5th Governor of Queensland
- In office 20 July 1877 – 2 May 1883
- Monarch: Victoria
- Preceded by: William Cairns
- Succeeded by: Anthony Musgrave

Personal details
- Born: 5 April 1809 County Down, Ireland
- Died: 3 June 1883 (aged 74) near Aden in the Red Sea
- Spouse: Georgina MacCartney ​ ​(m. 1839; died 1874)​
- Children: 2 daughters, 1 son
- Alma mater: Trinity College, Dublin
- Profession: soldier, colonial administrator

Chinese name
- Traditional Chinese: 堅尼地
- Simplified Chinese: 坚尼地
| Transcriptions |

堅彌地
- Traditional Chinese: 堅彌地
- Simplified Chinese: 坚彌地

Yue: Cantonese
- Yale Romanization: Gīn nèih deih
- Jyutping: Gin^{1} nei^{4} dei^{6}

= Arthur Kennedy (colonial administrator) =

British colonial administrator

Sir Arthur Edward Kennedy (堅尼地; 5 April 1809 – 3 June 1883) was a British colonial administrator who served as governor of a number of British colonies, namely Sierra Leone, Western Australia, Vancouver Island, Hong Kong and Queensland.

== Early life and career ==
Arthur Kennedy was born in Cultra, County Down, Ireland on 5 April 1809, the fourth son of Hugh Kennedy and his wife Grace Dorothea (née Hughes). He was educated by private tutor and in 1823–24 attended Trinity College, Dublin, where he met his predecessor as Governor of Hong Kong, Sir Richard Graves MacDonnell.

Kennedy entered the British Army, and was gazetted an Ensign in the 27th Foot 11th Regiment on 15 August 1827. Until 1837 he served with infantry regiments on Corfu. He spent 1838–1839 and 1841–1844 in British North America. In 1841 he purchased a Captaincy in the 68th Foot.

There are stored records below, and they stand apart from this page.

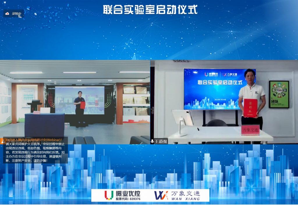 2022年7月19日,廣東振業(yè)優(yōu)控科技股份有限公司(簡(jiǎn)稱“振業(yè)優(yōu)控”)與黑龍江萬象交通科技有限公司(簡(jiǎn)稱“萬象交通”)舉行“振業(yè)優(yōu)控-萬象交通聯(lián)合實(shí)驗(yàn)室”簽約儀式。振業(yè)優(yōu)控CEO陳寧寧博士、萬象交通技術(shù)總監(jiān)王道強(qiáng)參加此次儀式。
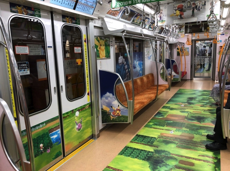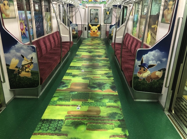 En esta ocasión, Nintendo ha colaborado con las autoridades del metro de Tokyo para promocionar el próximo lanzamiento de Let’s Go Pikachu y Let’s go Eevee; transforman en metro en un paisaje móvil de Pokémon; así como en un galería gigante llena de pósters con diversos personajes de franquicia.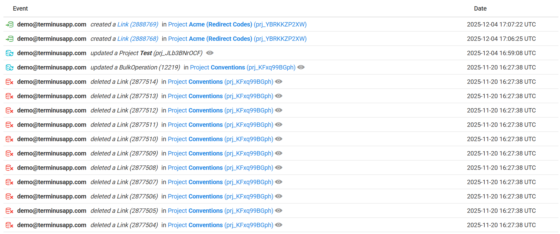 With Audit Logs, you can see who created, edited, or deleted URLs, UTMs, projects, and other resources. This transparency is available at both the high-level account view and for individual items.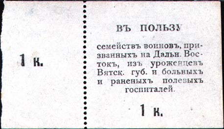 1905 1905 г. Листок из квитанционной книжки разм. 86 х 44 мм. Одноцветная печать на сероватой бумаге. Левостороння зубц. 11 1/2. На квитанции в центре текст в семь строк: «В пользу семейств воинов, призванных на Дальн[ий]. Восток, из уроженцев Вятск[ой]. губ[ернии]. и больных и раненых полевых госпиталей». Внизу номинал. На корешке в центре номинал.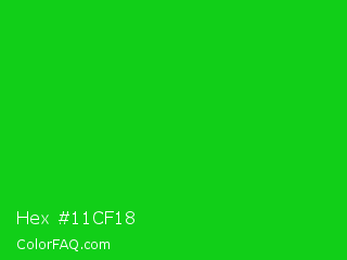 Hex #11cf18 Color is a normal green color and the nearest color is Vivid Malachite #00cc33. Hex code #11cf18 and RGB value is rgb(17,207,24). In RGB color space, this color is composed of 7% red, 81% green, 9% blue, In CMYK color space, this color is composed of 92% cyan, 0% magenta, 88% yellow , 19% black , In HSL color space, this color has a hue angle of 122° , 85% saturation and 44% lightness.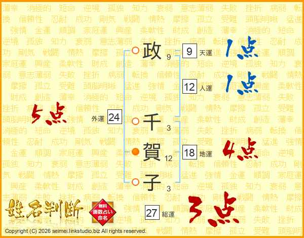 政(9画) 千(3画)賀(12画)子(3画)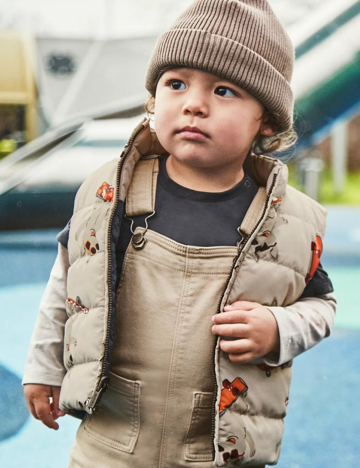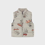 Chaleco doble faz con divertido estampado de zorros; central delantero con cremallera. Exterior textil con efecto acolchado. Suave forro interior de poliéster.

Kennedy returned to Ireland in 1846, and the following year sold his captaincy and took up an appointment with the Poor Law Commission. His job was to administer relief to the many inhabitants of County Clare who were affected by the Great Famine. He was shocked by what he saw and had serious differences with the local Landlord, Colonel Crofton Moore Vandeleur.

== Colonial services ==
In 1851, the famine having ended, Kennedy's position was abolished, and he applied for a position in the Colonial Service. In May 1852 he was appointed Governor of The Gambia, but before assuming office he was appointed Governor of Sierra Leone instead. He served in this office until 1854, during which time he made many administrative changes in an attempt to reform the corrupt and inefficient government. In 1854 he was appointed Consul-General in the Sherbro country in addition to his existing role.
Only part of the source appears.